Figure 2-36 Custom scaling rules.
This comes with a default profile called Default, Scale 1-1. Let's edit that profile and then define a rule that will specify that the App Service plan should scale out when the average CPU Percentage is greater than 80 percent for more than 17 minutes, and scale in when it averages less than 50 percent for 12 minutes. (I'm using odd numbers rather than the defaults here so you can pick out the numbers on the screen.) Click Default, Scale 1-1 to change the default profile as displayed in Figure 2-37. After setting up the profile, you'll add the rules.
Figure 2-37 Set up a profile for scaling.
This profile is called Test The Scaling Options, and it will apply all of the time. The minimum number of instances is two; the maximum number of instances is eight. Set the fields and click OK to add the profile.
Next, click Add Rule under the profile you just edited. This will bring up a blade similar to Figure 2-38.
Figure 2-38 Set up a rule for scaling out.
If you click the drop-down list for Metric Name, you'll see several different metrics that you can use to autoscale, such as Memory Percentage, Disk Queue Length, HTTP Queue Length, Data In, and Data Out. For example, if your web application lets people upload data, you might want to autoscale it if they are uploading a ton of data and send a notification to someone who can check and make sure it's legitimate and not a hacker. Set this to autoscale based on CPU Percentage.
In this case, when the average CPU Percentage is over 80 percent for more than 17 minutes, it will scale up by one instance. The Cool Down (Minutes) is the amount of time before another scaling action will take place. So after 5 minutes, if the average CPU Percentage is still over 80 percent, it will add another instance. It will continue to do this until it reaches the maximum number of instances you set on the profile, which was eight.
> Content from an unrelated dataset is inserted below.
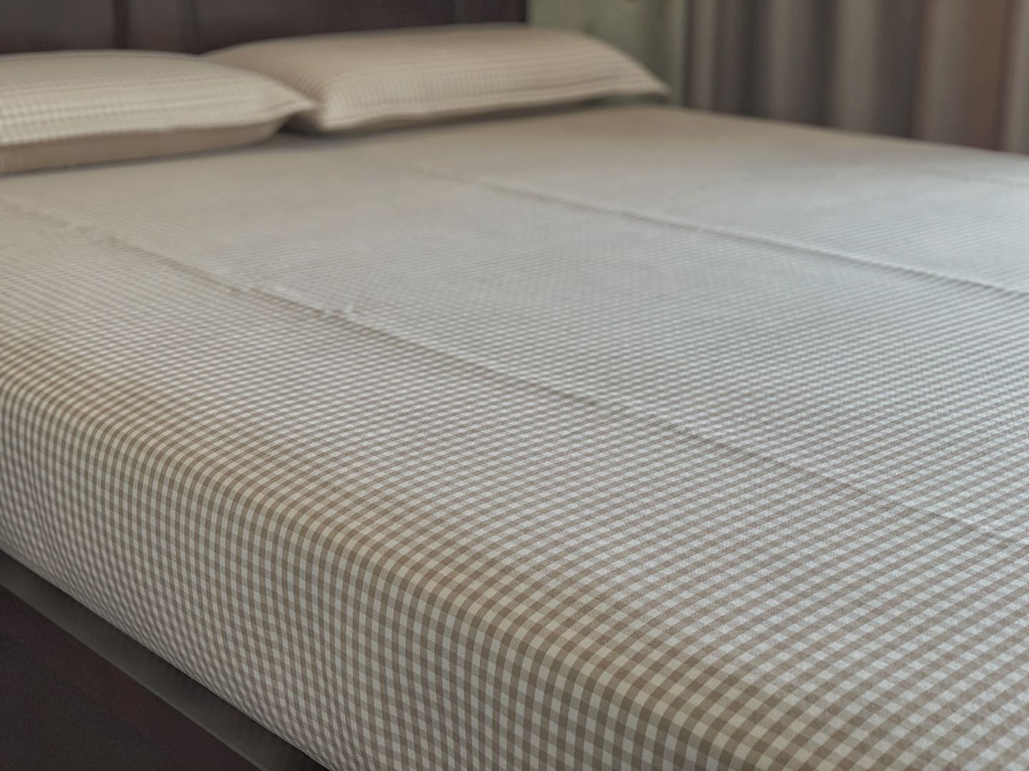 凉席表层天然竹纤维纱布,反面是三明治透气网布,网布的使用增加了透气性,柔软性,但是整体手感是有点轻的不是像亚麻一样沉沉的有点轻飘,但是凉席四角有绑带可以固定。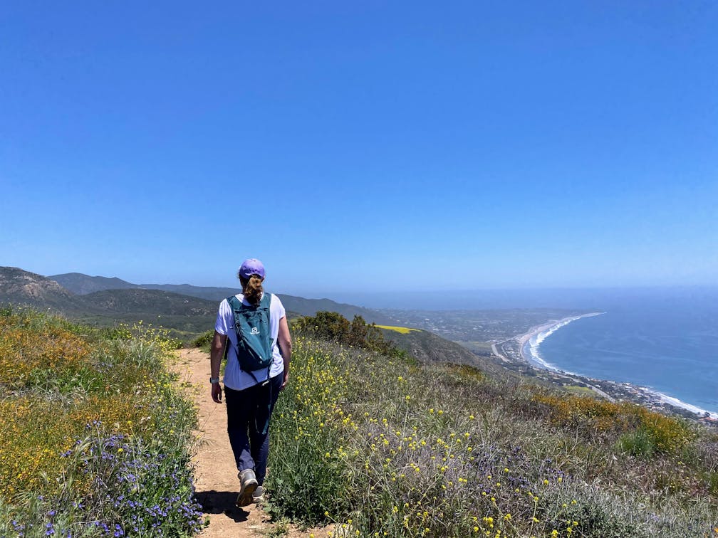 Continue onto the East Meadow Trail, then keep left to continue on the Ocean View Trail. Here the trail dramatically edges the bluff, delivering dreamy views of the ocean and the curvy Malibu coastline. On clear days, you can see Catalina and the other Channel Islands in the distance.

Fill in the fields and click OK to save the rule.
Now we need a rule that says if the average CPU Percentage is less than 50 percent for more than 12 minutes, decrease the instance count. It will keep decreasing the instance count until it reaches the minimum number of instances, which is two in our case. Figure 2-39 shows how to set up this rule.
Figure 2-39 Set up a rule for scaling in.
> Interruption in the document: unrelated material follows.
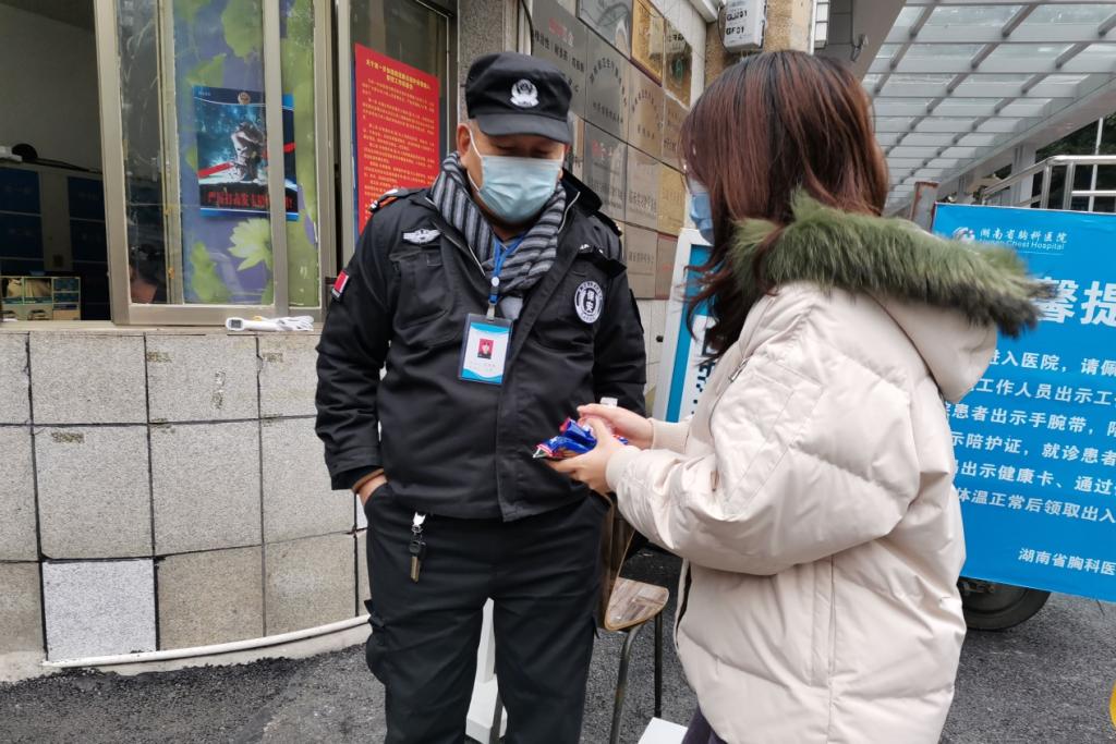 来到湖南省胸科医院门口,志愿者们走到了保安亭旁,向执勤的保安们送去感谢以及温暖,保安热情地感谢了志愿者们,并与志愿者们聊起了家常。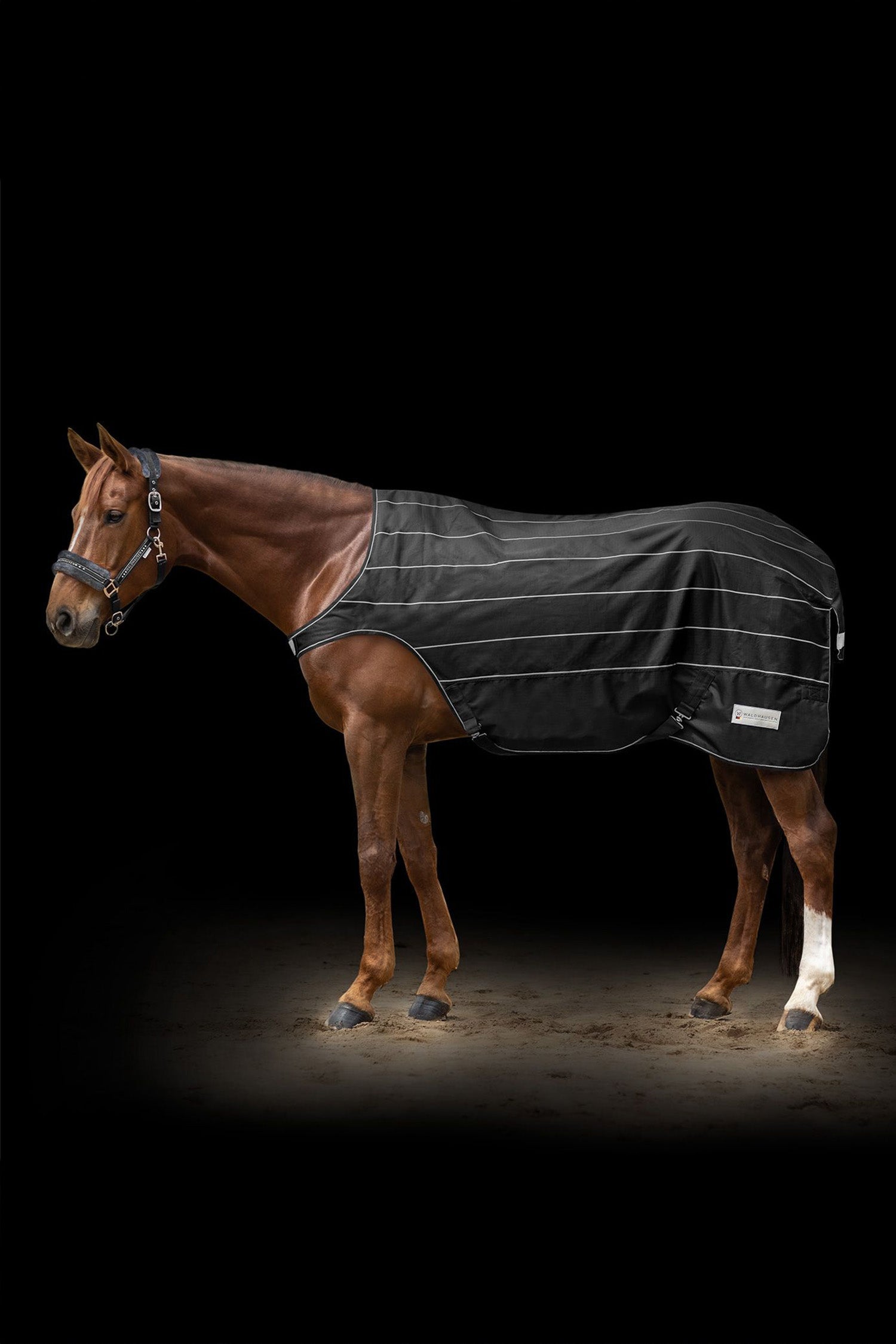 Indersiden er foret med et blødt, svedabsorberende fleecefor, der hjælper hesten med at tørre hurtigt og holde sig varm uden at blive fugtig. De indvævede refleksstriber langs hele dækkenet giver øget synlighed og tryghed i mørke.

After filling in the fields, click OK to save the rule. Now, the Scale Setting blade should look similar to Figure 2-40.
Figure 2-40 A screenshot showing the specified profile and its rules.
Click Save at the top of the Scale Setting blade to save the scaling settings. Now, the App Service plan will scale using these rules. Note that all Web Apps, Mobile Apps, etc. that use that App Service plan will be scaled as the App Service plan scales.
There are two other options for the profile—one is Recurrence and the other is Fixed Date. Fixed Date allows you to provide a specific date/time range with scaling information. For example, you may want it to scale up faster on opening day for your web application.
Recurrence allows you to specify a start time and which days of the week apply. This is what you would use if you had a web application used by a company from 8 AM to 5 PM but not much after that. You would add a profile to start at 8 AM on Monday through Friday to scale out, and then add one to start at 5 PM on Monday through Friday to scale back in for the evenings and weekends.
If you have multiple profiles, there is an order of precedence in which they are handled. When processed by the Autoscale service, the profiles are always checked in the following order:
In the example above, you would set up a Recurrence profile for Monday through Friday, 8 AM to 5 PM, and then set up a Fixed Date profile for a specific holiday, and the Fixed Date profile will take precedence on that one date.